Fleet News

EV charge point investment critical as demand outstrips supply

Electric charging a car

PwC Strategy&’s Powering Ahead report, written in conjunction with Energy UK, suggests the UK electric vehicle market is now at a tipping point.

If the UK is to become a leader in electric vehicles and low carbon transport, access to a range of convenient charging solutions will be critical, the report suggests.

Consumer demand for electric vehicles (EVs) is growing rapidly and there are a few large incumbents providing charging infrastructure services and many new smaller entrants.

Steve Jennings, UK leader of Energy and Utilities at PwC, said: “The UK EV charging market is arguably one of the most advanced in Europe. We have one of the largest EV stocks of any EU country with a large conventional car fleet. We also rank alongside Germany when it comes to the number of publicly accessible fast chargers – an indicator of the UK’s efforts to provide the best service to consumers.

“Therefore, it is essential we retain the momentum of success. We need to nurture the commercial environment that allows multiple business models to flourish and provide a diversity of charging options for customers.”

The sector is already showing early signs of consolidation with BP’s acquisition of Chargemaster earlier this year.

PwC surveyed some of the leading operators in the electric vehicle charging industry alongside interviews with other key stakeholders including transmission companies, electricity suppliers and distribution businesses.

Breakdowns show EV stock has grown by a compound annual growth rate (CAGR) of 89% between 2011 and 2017, virtually doubling year-on-year.
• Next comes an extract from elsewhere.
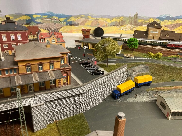 Sehr beruhigend für die Bewohner von Oberlaubach, die Zeiten, wo sie Gefahr liefen durch irgendwelche mysteriösen Löcher in grausige Tiefen zu fallen, sind bald vorüber. Die Administration der Stadt hat das letzte dieser Löcher nahezu geschlossen. Wider Erwarten war durch die Löcher keineswegs aufsteigende Lava zu sehen, sondern eher eine blaumelierte Fläche, für Grundwasser von viel zu flauschiger Struktur. Dennoch für einen Oberlaubacher eine nahezu unvorstellbare Tiefe. Die Gefahr jemals wieder von dort aufzutauchen wurde auch durch gruselige saugende und schlürfende Geräusche vergrößert, die ab und zu unter der Stadt zu hören sind. 🙀🙀 Nun ist die Gefahr nahezu gebannt. Nur noch eine kleine Öffnung ist übrig und die soll auch in sehr naher Zukunft geschlossen werden. Das Gelände ist Teil der Serviceplatte, die Mauer unterhalb des Hofes gehört noch um festen Teil. Hier muss noch angespachtelt werden, mit einer Polystyrolplatte als Trennschicht. Die wird nach der Trocknung einfach rausgenommen. Eventuelle Spalten werden durch Vegetation getarnt. Der Hang zum Sägewerk wird ebenfalls fester Bestandteil, der Übergang von der Straße Teil der Serviceplatte. Eine Aufgabe für Sonntag. Am nächsten WE ist dann großer Fototermin. Unsere Vermietungsgesellschaft bringt seit einiger Zeit eine Reihe in ihrer Hauspostille über ungewöhnliche Aktivitäten ihrer Mieter. Unser Hausmeister, der direkt über uns wohnt und der auch großer Bastler ist, wird am Freitag Vormittag bei der Vorbereitung mit Aufräumen der Anlage helfen. Fertig sein soll die Anlage nicht, aber keine großen Löcher mehr aufweisen. Fotos von der Bauphase kann ich genug beisteuern….🤣🤣😎 Beste Grüße, Ralf p.s. Die Steigung beträgt nebenbei 10%, die Schilder dafür liegen schon bereit. 😀

Plug-in hybrid electric vehicles (PHEVs) have driven the bulk of that growth compared to a far smaller number of pure battery electric vehicles (BEVs), the report finds.

But infrastructure is struggling to keep up, growing at half the rate of electric vehicle stock.

The deployment of charge points to date has been strongest across Greater London (22%), Scotland (15%) and the South East (14%), accounting for more than half of all UK EV points.

Generally, a supportive regulatory environment and growth in demand for charging infrastructure has attracted many companies into the space. PwC’s experts have identified at least 60 charge point operators (CPOs) or hardware players in the UK, ranging from electrical conglomerates through to data-focused start-ups.

However, with demand likely to pick up as the deadline for phasing out diesel and electric vehicles draws closer, CPOs - especially those looking to capitalise on the home charging sector - will have to balance providing more charging points against the installation costs.

Adrian Del Maestro, director of research at PwC Strategy, said: “Home charging will be a relatively easy segment for charge point operators to develop as EV demand grows. According to our research, the majority of homeowners (78%) have access to off-street parking, so charging at home is straightforward. Moreover, investment costs and regulatory complexity are relatively low, compared to rapid charging – but there is still a long way to go.

“There is still a sizeable proportion of people without access to home charging, so alternative models, from rapid to street lamp charging solutions will need to evolve to meet this demand if the UK is to realise its ambitions as a leader in low carbon transport.

“Currently it costs about £1000 to install a 7 kilowatt slow home charger socket, whereas a 50kW rapid charger is likely to cost upwards of £30,000 a connector."

PwC predicts that home charging will become ‘increasingly more convenient’, while destination charging will become more reliant on the level of footfall it can generate at locations such as supermarkets and leisure centres.

“While the economics of rapid charging are very different to other charging solutions such as home, it does offer consumers the potential to power up their vehicles very quickly and in a way that is similar to filling up traditional internal combustion engines (ICE) vehicles.

“Destination charging is gaining popularity, but in the longer term, figuring out the destinations of the future as shifts in leisure and shopping habits continue will be key to sustaining this segment. As for workplace charging there are clearly opportunities for scaling up and usage especially in terms of car fleets,” added Del Maestro.